Prosecutors: Rezko sought cash to avoid lien on gov's home
Tony Rezko asked an official in Gov. Blagojevich’s administration to pay him $25,000 so Rezko could use the money to keep construction contractors from putting a lien on the governor’s home, federal prosecutors said in court today.
Prosecutors got a judge’s OK for Ali Ata — former executive director of the Illinois Finance Authority — to be allowed to tell jurors in Rezko’s corruption trial about the cash payments.
Rezko told Ata “this is going to be embarrassing to him [Blagojevich]” if the contractors put a lien on Blagojevich’s Ravenswood Manor home, Assistant U.S. Attorney Carrie Hamilton told U.S. District Judge Amy J. St. Eve.
Rezko’s defense team was seeking to limit what Ata can tell jurors about Rezko, who is accused of manipulating votes on state boards to enrich himself, associates and the governor’s campaign fund.
“Ata claims that he gave or lent cash to Rezko on four or five occasions . . . and estimates the total cash disbursements amounted to $125,000,” Rezko’s lawyers wrote. “Ata alternatively stated he did not know what the cash was for, then proceeds to say he supplied $25,000 in cash to pay certain contractors who were threatening to put a lien on another individual’s [Blagojevich’s] home.
“Ata recounted these alleged cash transactions in a suspiciously dramatic way, including meetings on ‘narrow streets’ in Chicago with ‘black plastic bags’ of cash.”
St. Eve ruled that Ata will be allowed to testify about the cash transactions — but not to tell jurors details about narrow streets and bags of cash. Ata is expected to testify Thursday.
“We can’t comment on alleged conversations that the governor was not a party to,” Blagojevich spokeswoman Abby Ottenhoff said today.
The Chicago Sun-Times reported in February 2007 that Blagojevich and his wife, Patti, hired a Rezko company — Chicago Construction Services — to oversee the upgrading of their Northwest Side bungalow.
At the time, the Blagojeviches said they spent $79,922 to contractors working on the project, which included family-room renovations and a new deck. On top of that amount, they said they paid Chicago Construction Services $17,768.
“As we said last year, the Blagojeviches personally paid for the work to renovate their 14-by-20 family room out of their checking account,” Ottenhoff said.

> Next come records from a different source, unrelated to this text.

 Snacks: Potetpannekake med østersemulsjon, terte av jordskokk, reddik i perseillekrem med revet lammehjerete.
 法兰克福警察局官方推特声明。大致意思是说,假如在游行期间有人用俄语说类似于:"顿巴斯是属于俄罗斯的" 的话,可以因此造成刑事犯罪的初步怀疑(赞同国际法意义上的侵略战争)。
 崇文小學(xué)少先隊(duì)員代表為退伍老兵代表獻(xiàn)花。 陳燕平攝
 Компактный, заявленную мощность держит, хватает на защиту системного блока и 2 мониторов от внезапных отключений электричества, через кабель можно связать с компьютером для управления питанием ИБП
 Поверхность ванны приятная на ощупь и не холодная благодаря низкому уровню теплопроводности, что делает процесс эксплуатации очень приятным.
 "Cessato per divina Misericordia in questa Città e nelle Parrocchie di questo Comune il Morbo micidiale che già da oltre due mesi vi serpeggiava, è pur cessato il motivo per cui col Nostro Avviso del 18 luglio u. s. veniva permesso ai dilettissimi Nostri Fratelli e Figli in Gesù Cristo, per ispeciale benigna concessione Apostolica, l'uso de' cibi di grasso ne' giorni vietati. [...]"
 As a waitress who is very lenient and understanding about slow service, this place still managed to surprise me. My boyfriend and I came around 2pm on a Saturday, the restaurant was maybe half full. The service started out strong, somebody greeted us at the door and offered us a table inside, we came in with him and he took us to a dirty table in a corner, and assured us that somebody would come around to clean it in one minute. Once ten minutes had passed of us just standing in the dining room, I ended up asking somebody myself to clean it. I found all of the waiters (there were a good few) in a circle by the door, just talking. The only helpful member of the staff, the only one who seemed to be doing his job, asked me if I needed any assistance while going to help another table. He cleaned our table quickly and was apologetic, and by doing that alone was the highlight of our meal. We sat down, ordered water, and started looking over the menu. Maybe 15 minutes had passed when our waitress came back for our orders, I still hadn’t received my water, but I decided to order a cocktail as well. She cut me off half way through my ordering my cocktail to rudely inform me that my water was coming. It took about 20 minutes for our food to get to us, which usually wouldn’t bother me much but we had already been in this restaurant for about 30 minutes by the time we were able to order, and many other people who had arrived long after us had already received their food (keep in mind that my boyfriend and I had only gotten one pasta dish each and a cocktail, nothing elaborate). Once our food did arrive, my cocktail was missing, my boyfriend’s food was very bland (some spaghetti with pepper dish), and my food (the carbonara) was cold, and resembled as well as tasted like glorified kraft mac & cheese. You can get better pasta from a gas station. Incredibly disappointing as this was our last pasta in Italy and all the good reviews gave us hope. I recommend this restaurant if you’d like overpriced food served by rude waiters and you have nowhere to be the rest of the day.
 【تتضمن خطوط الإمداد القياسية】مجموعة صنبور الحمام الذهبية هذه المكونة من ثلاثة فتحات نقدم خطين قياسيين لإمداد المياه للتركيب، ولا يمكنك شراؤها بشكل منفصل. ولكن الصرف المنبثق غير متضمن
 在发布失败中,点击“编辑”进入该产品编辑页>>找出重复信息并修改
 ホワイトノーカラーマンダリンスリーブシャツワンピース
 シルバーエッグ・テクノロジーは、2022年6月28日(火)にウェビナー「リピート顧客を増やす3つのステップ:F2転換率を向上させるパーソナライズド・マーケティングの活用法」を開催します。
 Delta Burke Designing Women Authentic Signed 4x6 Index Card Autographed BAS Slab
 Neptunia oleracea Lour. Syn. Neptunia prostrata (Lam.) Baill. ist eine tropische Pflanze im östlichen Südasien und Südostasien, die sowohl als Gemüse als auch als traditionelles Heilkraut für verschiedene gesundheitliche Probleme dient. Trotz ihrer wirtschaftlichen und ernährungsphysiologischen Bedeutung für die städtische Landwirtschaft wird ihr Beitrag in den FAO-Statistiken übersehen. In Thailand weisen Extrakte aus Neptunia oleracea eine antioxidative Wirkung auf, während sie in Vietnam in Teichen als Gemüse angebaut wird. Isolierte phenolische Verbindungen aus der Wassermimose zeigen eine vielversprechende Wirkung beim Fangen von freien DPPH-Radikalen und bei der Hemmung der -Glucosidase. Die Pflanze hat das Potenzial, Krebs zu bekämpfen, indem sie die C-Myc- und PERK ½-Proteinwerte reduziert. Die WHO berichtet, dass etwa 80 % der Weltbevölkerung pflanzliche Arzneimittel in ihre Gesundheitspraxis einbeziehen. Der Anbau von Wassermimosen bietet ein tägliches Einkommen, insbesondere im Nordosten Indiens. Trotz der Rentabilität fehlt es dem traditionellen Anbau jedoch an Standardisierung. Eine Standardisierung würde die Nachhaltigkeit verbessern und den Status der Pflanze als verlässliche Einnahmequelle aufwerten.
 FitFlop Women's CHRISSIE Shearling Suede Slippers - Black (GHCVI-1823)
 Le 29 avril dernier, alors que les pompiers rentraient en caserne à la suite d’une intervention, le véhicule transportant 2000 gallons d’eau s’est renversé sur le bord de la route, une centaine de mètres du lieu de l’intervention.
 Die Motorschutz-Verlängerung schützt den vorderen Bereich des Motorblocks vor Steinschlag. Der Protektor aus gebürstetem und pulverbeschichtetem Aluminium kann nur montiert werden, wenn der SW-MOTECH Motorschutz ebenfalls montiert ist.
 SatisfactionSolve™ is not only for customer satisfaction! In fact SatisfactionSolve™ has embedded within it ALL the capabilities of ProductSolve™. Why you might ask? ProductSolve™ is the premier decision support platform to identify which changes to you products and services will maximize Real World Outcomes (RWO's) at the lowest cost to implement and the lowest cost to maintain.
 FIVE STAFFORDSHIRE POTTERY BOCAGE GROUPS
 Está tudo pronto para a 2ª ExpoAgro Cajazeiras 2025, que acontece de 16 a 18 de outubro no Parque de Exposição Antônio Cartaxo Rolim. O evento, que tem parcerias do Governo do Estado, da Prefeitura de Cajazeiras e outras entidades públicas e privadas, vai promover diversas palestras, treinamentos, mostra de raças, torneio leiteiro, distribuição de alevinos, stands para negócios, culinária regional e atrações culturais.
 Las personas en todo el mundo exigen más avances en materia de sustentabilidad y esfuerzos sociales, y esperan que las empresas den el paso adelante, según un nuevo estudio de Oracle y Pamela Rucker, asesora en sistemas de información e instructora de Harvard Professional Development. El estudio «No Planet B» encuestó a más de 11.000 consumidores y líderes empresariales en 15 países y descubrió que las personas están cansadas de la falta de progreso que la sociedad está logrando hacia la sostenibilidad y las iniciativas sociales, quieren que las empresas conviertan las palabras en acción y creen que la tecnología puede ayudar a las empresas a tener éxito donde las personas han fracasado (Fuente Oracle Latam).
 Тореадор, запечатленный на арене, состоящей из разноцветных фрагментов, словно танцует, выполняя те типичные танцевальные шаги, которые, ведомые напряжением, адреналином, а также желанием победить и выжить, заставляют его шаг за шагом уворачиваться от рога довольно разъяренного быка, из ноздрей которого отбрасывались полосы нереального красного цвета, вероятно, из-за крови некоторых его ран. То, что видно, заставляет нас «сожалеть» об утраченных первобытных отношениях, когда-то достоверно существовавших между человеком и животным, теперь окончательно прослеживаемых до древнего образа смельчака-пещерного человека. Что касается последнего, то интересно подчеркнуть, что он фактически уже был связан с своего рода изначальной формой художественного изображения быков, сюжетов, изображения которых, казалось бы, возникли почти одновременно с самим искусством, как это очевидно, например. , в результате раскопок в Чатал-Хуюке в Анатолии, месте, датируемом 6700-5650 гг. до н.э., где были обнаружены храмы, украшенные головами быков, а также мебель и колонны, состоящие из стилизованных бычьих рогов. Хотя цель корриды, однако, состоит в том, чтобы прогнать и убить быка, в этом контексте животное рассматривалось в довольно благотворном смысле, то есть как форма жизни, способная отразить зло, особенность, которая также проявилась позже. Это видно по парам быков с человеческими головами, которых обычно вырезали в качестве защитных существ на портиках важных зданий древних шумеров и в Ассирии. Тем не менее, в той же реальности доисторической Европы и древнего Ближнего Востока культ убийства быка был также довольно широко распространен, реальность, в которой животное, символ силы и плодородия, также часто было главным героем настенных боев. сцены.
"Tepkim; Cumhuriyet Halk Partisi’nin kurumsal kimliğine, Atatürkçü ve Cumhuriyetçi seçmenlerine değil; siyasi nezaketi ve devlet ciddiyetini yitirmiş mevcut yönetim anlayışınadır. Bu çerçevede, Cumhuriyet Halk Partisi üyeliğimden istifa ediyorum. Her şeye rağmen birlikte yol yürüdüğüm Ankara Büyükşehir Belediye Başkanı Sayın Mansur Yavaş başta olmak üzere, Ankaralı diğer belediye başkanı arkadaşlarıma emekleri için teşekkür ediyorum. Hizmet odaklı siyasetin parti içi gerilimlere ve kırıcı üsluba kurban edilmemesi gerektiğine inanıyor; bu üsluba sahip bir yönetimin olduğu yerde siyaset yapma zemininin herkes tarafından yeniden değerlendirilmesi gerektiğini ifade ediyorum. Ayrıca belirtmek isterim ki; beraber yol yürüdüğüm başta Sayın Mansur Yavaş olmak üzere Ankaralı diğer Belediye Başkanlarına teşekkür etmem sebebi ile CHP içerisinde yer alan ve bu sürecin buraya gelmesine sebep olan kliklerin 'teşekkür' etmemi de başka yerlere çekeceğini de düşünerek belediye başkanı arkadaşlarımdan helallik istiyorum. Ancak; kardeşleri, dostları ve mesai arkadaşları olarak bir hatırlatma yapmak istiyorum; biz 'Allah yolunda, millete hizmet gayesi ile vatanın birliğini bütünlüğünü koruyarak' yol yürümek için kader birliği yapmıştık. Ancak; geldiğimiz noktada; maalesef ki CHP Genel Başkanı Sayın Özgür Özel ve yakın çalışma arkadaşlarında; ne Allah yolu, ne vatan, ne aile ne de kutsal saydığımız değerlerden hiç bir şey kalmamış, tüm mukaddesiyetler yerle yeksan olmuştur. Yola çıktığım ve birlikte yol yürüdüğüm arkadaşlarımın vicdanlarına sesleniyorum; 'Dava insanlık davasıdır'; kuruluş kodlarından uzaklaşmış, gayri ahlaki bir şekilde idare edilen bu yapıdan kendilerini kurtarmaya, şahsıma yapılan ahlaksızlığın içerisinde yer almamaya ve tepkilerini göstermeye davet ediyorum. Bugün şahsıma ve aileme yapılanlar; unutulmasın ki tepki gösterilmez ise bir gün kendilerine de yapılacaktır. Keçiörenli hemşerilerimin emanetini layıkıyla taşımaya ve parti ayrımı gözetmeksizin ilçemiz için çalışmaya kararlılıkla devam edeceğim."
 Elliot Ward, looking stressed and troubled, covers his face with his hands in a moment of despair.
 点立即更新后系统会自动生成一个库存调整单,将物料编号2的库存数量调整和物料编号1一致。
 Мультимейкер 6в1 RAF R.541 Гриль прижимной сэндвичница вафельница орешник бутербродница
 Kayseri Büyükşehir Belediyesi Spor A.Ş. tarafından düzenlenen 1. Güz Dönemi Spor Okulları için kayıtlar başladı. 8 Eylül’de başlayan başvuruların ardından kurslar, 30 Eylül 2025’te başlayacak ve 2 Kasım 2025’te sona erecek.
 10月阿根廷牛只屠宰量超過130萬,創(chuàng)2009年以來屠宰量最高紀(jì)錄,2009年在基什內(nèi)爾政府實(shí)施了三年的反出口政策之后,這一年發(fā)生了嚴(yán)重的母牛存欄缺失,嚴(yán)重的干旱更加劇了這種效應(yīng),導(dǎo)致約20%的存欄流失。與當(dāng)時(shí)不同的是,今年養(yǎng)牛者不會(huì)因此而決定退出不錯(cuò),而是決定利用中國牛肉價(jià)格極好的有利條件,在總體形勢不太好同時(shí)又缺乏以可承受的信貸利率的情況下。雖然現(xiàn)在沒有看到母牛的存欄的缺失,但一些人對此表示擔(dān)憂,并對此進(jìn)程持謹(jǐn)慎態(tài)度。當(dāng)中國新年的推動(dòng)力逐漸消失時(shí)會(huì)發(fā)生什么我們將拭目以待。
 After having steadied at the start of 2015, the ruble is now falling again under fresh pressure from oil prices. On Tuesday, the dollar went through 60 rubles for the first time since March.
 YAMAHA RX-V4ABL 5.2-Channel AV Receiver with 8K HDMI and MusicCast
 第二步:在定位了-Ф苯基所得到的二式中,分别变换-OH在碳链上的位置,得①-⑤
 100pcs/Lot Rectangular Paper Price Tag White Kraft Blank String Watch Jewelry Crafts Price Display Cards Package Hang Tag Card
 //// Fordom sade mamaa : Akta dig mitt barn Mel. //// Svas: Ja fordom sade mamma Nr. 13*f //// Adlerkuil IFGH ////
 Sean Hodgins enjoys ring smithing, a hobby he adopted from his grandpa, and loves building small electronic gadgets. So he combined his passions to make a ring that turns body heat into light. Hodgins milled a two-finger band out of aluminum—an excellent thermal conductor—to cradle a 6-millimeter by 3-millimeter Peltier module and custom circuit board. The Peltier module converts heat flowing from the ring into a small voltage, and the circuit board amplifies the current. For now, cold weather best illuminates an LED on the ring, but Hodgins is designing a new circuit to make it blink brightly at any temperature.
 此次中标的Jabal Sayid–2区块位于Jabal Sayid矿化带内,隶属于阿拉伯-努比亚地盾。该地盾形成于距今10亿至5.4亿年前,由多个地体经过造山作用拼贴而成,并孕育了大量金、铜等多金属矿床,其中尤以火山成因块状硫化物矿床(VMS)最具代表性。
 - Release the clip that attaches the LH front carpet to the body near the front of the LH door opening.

Chicago Construction Services began overseeing the Blagojevich work in July 2003, after Rezko began pushing the governor to place friends and associates in key state posts. The project took place during a 16-month period in which Patti Blagojevich, a real estate broker, netted about $86,000 from Rezko-orchestrated real estate deals.
No lien ever was filed on the governor’s home.
In court today, Rezko’s lawyers argued that the cash transfers and the allegations regarding the Blagojevich house aren’t relevant to Rezko’s case. Joseph Duffy said that prosecutors — who added Ata as a witness only last week — are “putting on a witness on the 11th hour, spouting these allegations with nothing to support it.”
“There is absolutely no documentation to support Ata’s claims, and any testimony on this topic has no relevance to the case,” wrote Mariah E. Moran, one of Rezko’s lawyers. “Ata cannot even state whether he treated the payments as loans or gifts, and there is no indication that the payments, even were they made as described by Ata, were illegal or were in any way related to any transaction relevant to this case.
“In particular, Ata’s belief that he gave cash to pay contractors who worked on the governor’s house has no relevance to the charged offenses and was not disclosed.”
Hamilton told the judge that Rezko also asked Ata for another $50,000 in cash, saying it was intended for fellow Blagojevich fund-raiser Chris Kelly. Rezko and Ata drove together to Kelly’s house with the cash in the car, the prosecutor said.
Ata said he didn’t actually see the cash change hands and didn’t know what the money was for.
Hamilton said the prosecution is trying, with Ata’s testimony, to show that “these two” — Rezko and Kelly — “are, in fact, in this together, and they share in things together.”
Ata also told prosecutors that, after he received a grand jury subpoena in late 2005, two people contacted him — he believed on Rezko’s behalf — in an effort to stop him from cooperating. Hamilton said one of those people was the late Orlando Jones, a Rezko business associate and former top Cook County government official.
Duffy questioned Ata’s proposed testimony. “We don’t believe any of these transactions ever took place,” Duffy said.